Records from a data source
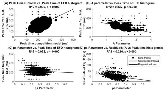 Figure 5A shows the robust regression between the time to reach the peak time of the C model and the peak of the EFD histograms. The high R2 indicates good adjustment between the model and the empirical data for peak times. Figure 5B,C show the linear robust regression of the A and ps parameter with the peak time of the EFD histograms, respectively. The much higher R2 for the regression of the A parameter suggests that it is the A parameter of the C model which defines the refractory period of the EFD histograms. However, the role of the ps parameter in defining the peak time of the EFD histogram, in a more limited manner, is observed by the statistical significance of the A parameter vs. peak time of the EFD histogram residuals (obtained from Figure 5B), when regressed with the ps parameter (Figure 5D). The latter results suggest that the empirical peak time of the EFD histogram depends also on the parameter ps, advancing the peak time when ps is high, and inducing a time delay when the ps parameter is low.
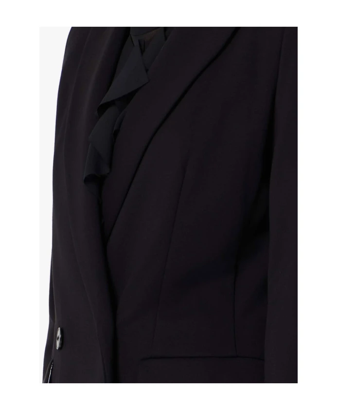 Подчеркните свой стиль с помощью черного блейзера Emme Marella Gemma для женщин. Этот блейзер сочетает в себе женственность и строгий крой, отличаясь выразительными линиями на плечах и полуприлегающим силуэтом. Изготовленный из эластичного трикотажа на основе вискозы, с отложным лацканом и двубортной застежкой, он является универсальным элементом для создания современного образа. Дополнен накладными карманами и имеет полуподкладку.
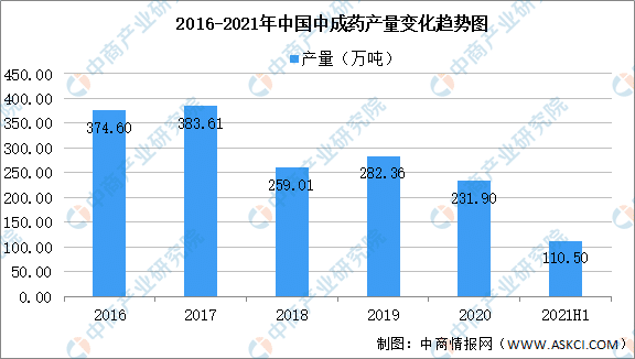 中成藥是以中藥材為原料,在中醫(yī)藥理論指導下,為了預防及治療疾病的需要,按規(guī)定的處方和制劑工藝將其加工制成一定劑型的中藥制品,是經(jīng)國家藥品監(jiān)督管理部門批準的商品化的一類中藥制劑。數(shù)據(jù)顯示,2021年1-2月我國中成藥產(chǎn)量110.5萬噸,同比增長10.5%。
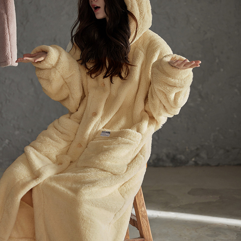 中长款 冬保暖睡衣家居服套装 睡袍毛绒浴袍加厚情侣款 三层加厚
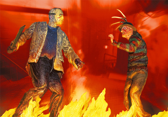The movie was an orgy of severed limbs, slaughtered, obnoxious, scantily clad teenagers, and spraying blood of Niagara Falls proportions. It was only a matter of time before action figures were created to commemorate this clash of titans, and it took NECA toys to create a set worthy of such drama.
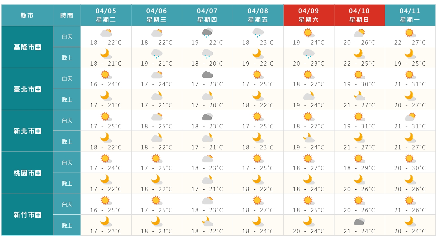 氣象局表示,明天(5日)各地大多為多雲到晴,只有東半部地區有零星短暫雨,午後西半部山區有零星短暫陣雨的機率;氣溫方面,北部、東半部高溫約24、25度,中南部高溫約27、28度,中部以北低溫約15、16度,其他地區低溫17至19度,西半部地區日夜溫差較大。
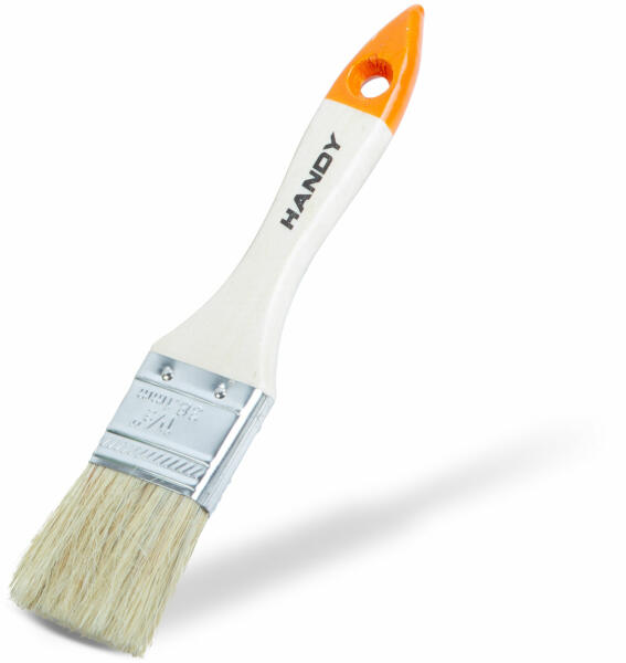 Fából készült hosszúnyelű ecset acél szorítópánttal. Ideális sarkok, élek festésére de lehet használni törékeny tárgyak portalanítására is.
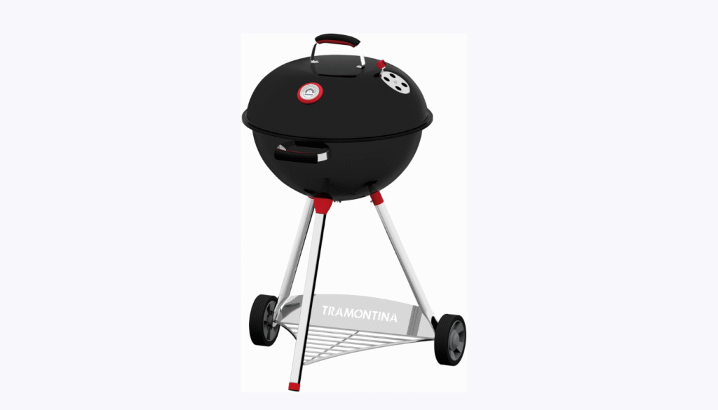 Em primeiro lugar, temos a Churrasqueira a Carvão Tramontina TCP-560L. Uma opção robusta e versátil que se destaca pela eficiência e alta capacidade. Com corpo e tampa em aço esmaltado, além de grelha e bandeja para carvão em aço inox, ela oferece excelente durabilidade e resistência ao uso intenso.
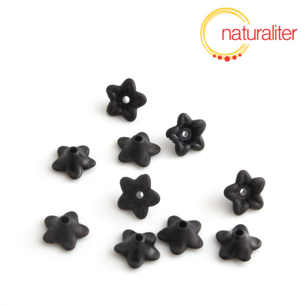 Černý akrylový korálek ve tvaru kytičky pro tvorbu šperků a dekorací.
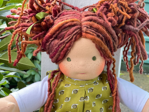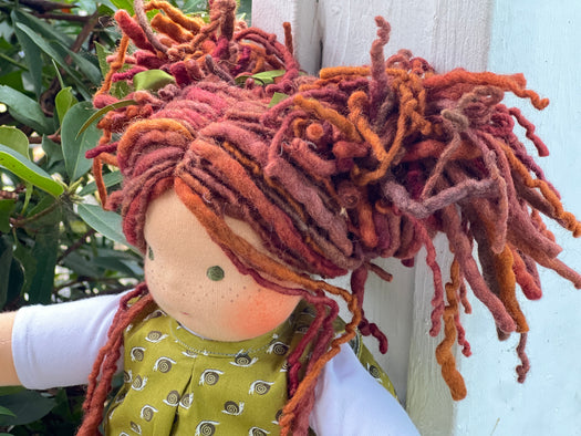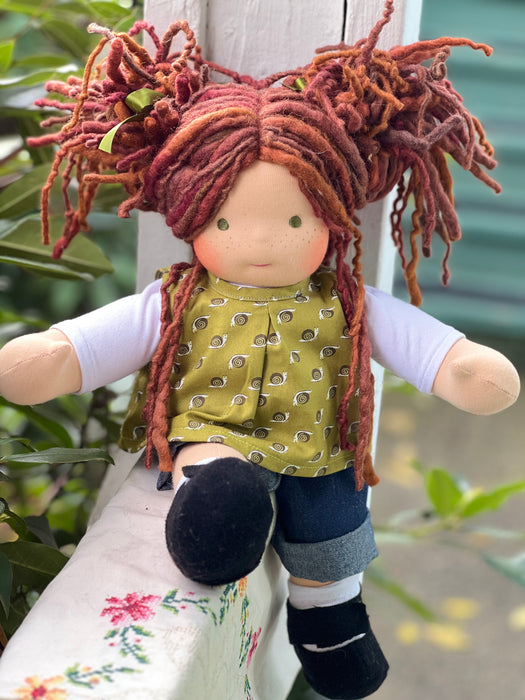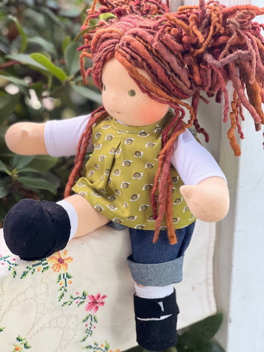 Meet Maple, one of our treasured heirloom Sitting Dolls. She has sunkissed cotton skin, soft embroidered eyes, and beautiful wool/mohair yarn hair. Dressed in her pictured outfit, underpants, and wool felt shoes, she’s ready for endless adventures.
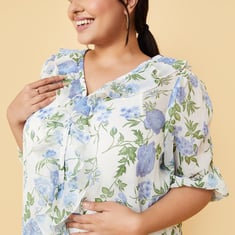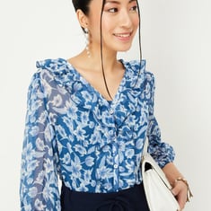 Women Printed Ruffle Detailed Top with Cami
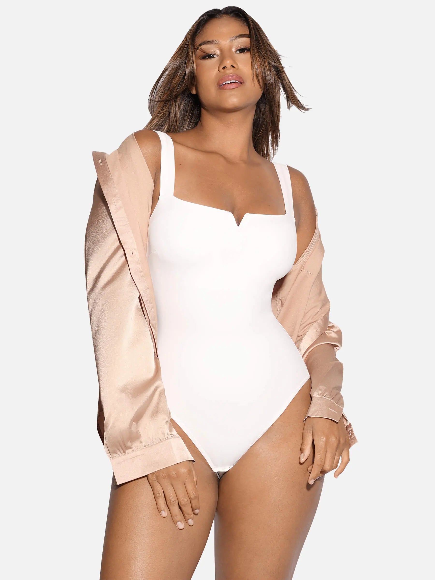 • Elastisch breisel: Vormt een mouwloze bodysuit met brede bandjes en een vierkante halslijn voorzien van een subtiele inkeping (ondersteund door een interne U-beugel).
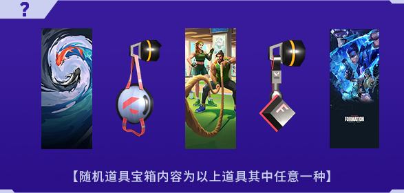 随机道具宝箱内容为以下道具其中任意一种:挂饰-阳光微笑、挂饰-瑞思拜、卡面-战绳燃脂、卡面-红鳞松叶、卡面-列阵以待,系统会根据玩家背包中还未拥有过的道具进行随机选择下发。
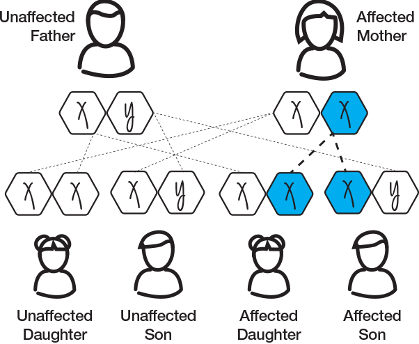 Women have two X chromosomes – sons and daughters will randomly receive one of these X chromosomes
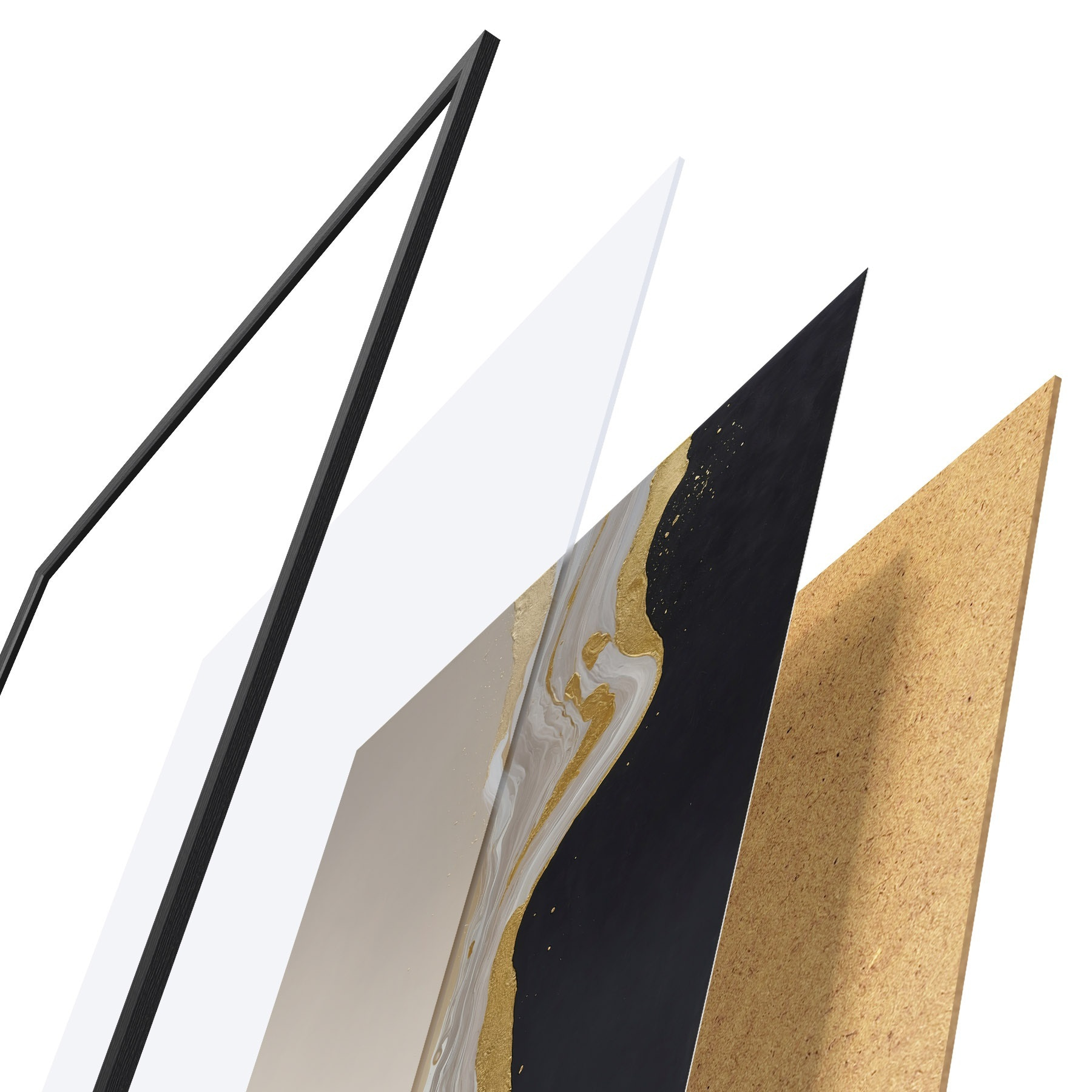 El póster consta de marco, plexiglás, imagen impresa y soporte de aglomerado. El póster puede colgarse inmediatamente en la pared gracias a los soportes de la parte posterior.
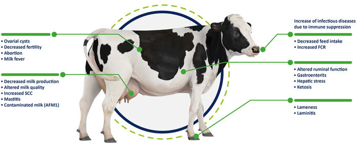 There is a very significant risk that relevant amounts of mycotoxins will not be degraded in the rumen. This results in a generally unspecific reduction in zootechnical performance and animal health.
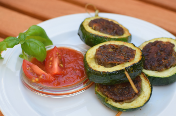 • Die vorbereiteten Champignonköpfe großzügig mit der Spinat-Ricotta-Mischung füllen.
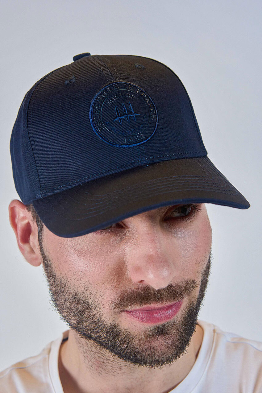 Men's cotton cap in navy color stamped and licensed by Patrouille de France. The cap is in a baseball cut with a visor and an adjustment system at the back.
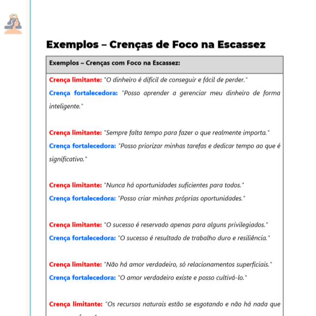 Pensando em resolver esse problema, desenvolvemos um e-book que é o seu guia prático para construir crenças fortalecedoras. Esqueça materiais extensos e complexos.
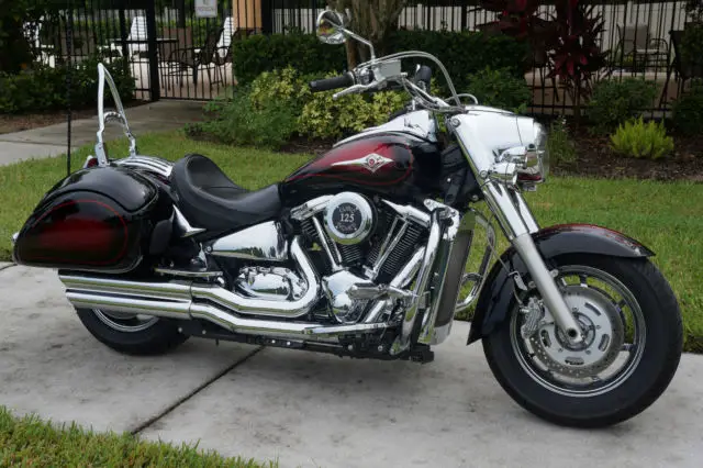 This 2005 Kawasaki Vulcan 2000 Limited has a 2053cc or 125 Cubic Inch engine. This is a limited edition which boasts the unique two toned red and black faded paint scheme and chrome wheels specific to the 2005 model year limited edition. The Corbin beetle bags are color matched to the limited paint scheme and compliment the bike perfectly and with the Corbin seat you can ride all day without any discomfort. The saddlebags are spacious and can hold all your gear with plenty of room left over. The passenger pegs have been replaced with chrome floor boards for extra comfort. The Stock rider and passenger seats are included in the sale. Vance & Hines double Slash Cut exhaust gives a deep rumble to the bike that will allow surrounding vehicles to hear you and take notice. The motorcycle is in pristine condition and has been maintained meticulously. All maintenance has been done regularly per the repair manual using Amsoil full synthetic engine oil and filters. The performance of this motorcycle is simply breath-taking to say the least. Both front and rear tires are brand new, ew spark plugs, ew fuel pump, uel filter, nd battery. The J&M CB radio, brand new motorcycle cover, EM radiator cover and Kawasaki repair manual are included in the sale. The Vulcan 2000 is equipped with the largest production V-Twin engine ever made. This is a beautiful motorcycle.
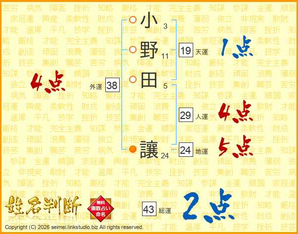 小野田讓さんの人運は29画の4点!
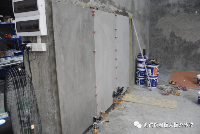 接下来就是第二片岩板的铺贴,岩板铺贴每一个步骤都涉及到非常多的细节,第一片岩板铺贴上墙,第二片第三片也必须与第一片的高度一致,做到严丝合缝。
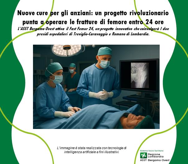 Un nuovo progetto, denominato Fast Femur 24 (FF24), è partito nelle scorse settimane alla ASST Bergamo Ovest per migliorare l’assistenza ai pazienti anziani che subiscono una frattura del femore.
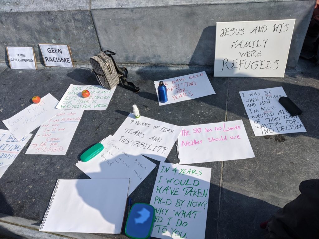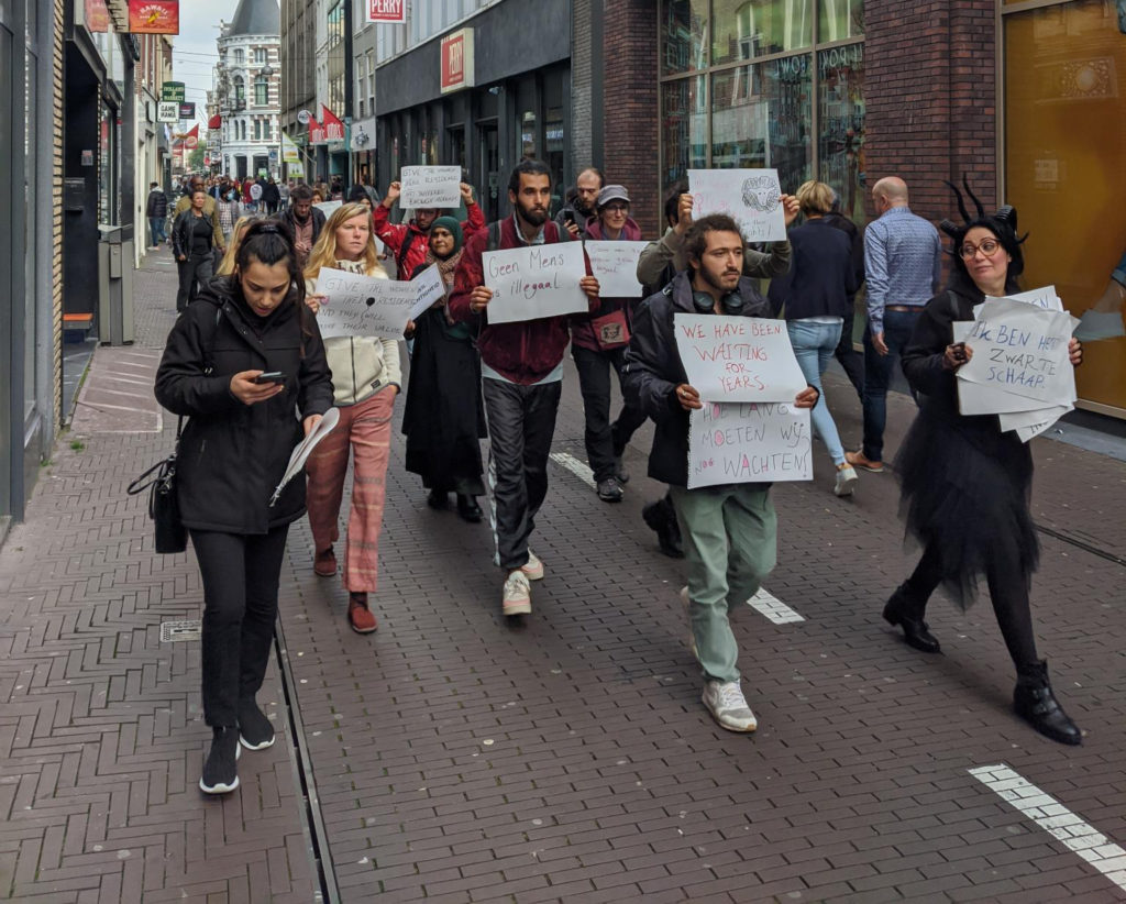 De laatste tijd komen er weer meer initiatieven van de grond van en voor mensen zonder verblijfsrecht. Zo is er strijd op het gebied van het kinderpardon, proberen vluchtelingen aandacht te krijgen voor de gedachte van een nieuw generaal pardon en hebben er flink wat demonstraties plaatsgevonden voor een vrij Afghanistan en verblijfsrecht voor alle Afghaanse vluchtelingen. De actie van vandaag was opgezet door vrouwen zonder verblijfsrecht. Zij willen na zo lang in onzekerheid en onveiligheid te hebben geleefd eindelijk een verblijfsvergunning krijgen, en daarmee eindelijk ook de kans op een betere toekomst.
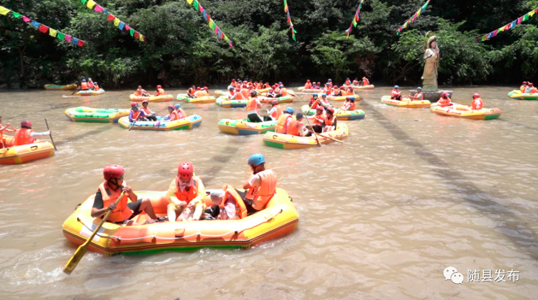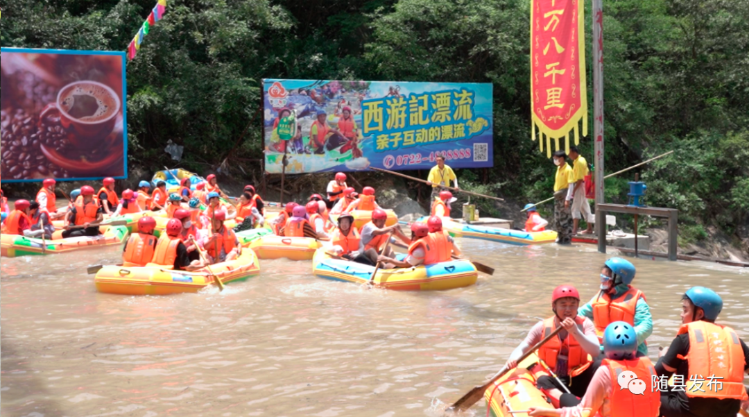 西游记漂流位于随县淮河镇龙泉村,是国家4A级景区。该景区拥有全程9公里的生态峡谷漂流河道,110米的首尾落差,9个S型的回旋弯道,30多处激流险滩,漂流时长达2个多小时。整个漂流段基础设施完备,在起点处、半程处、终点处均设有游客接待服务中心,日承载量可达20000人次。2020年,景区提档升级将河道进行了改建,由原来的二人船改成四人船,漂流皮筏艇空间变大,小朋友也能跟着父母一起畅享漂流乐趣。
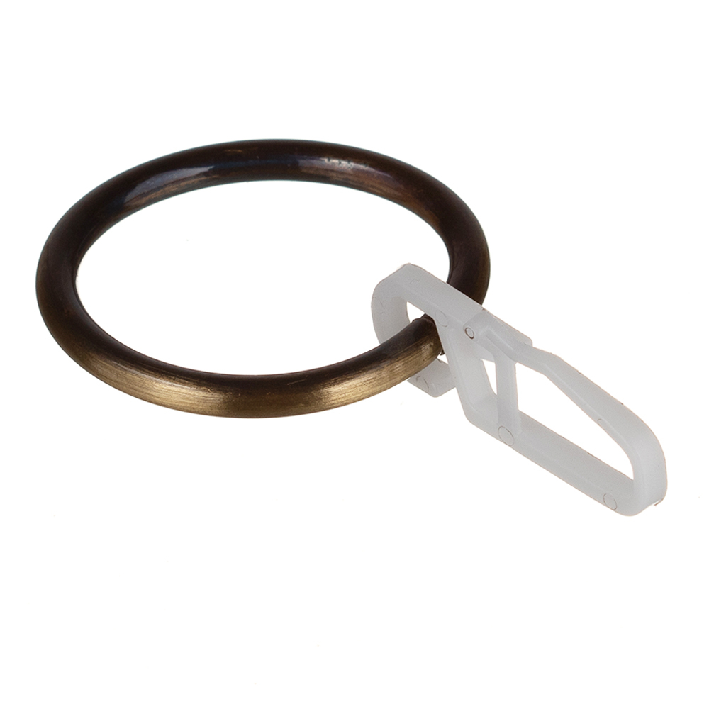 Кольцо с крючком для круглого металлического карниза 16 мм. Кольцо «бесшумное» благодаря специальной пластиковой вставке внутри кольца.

Problem details
Exercise for the records above: copy only the lines from the one with "氣象局表示,明天(5日)各地" to the one with "Fából készült hosszúnyelű", both ends kept, and drop the pictures.

Written response
 氣象局表示,明天(5日)各地大多為多雲到晴,只有東半部地區有零星短暫雨,午後西半部山區有零星短暫陣雨的機率;氣溫方面,北部、東半部高溫約24、25度,中南部高溫約27、28度,中部以北低溫約15、16度,其他地區低溫17至19度,西半部地區日夜溫差較大。
 Fából készült hosszúnyelű ecset acél szorítópánttal. Ideális sarkok, élek festésére de lehet használni törékeny tárgyak portalanítására is.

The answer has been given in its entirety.